After waiting three days the British Vice-Counsel to Spain asked the local coroner, Eduardo Del Torno, to preform an autopsy on the corpse, and requested the return of the documents he was carrying. The doctor reported Major Martin had drowned and that the body had been in the sea for from three to five days. Since Major Martin was a Catholic, and Spain was a Catholic nation, just three days later, on 4 May, 1943, Major Martin was buried with full military honors about 2 miles outside of Huelva, in the "Nuestra Señora de la Soledad” cemetery - Grave number 14, San Marcos Section. When the Twenty Committee examined the returned letters under a microscope, it was discovered they had been refolded, indicating they had indeed been read.
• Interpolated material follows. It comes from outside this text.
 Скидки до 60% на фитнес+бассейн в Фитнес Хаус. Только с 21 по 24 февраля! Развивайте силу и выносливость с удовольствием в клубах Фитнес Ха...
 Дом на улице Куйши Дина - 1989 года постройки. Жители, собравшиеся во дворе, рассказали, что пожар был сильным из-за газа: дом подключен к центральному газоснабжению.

Now, had the trout really swallowed the hook?
The briefcase and its letters had originally been passed to General Alto Estado Mayor, who appears to have lost them for awhile. Luckily for the British, Nazi Agent Adolf Clauss heard a rumor about the letters, and as expected he told his superiors. It was when the the head of the German Secret Service, Admiral Canaris, personally inquired about them, that the brief case and letters were found again and handed over to the Germans, to be quickly photographed and returned. And the way they had almost been lost only made their contents more believable to the Germans.
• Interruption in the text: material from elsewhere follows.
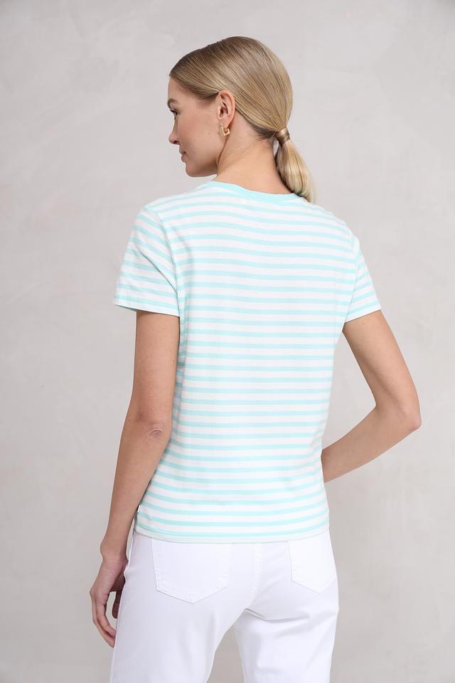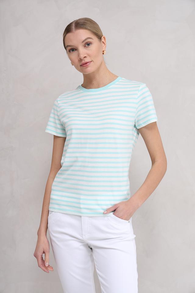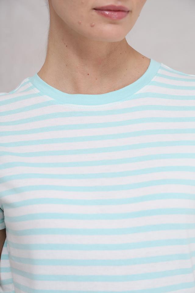 Женская футболка Tom Tailor голубого цвета с классическим полосатым дизайном. Изготовлена из 100% хлопка, обеспечивающего комфорт и воздухопроницаемость. Отличный выбор для повседневного образа. Состав: хлопок 100%

Over the next two months three German armored divisions, one from France and two from Russia, were transferred to Greece, and placed under the command of Erwin Rommel (above), the Desert Fox who had driven the British mad for two years in North Africa. A squadron of coastal patrol torpedo boats were also sent to Greece, and aircraft, and three new minefields were sown in the waters off the beaches. When Italian dictator Benito Mussolini expressed concern about the lack of troops on Sicily, he was told by General Alfred Jodl, head of the German Army, “You can forget about Sicily. We know it's Greece. “ Then on 9 July, 1943 Operation Husky landed 160,000 Allied troops on Sicily. The Germans did not accept it as the real invasion for another three days, by which time the only reinforcements they could provide was a single parachute regiment. Thirty days later the island was completely in Allied hands, at the price of less than 25,000 casualties, compared to 170,000 Axis forces killed, wounded and captured.
This story inspired the book and film “The Man Who Never Was”, but it was sixty years before the identity of the the man laying in grave 14, under the the sun of Andalusia, would be correctly identified on his tombstone. But the principles of espionage (and fly fishing) have not change since. To catch a fish, you must merely encourage the fish to do what it wants to do.
It is something the George Bush administration ought to have remembered in the spring of 2003.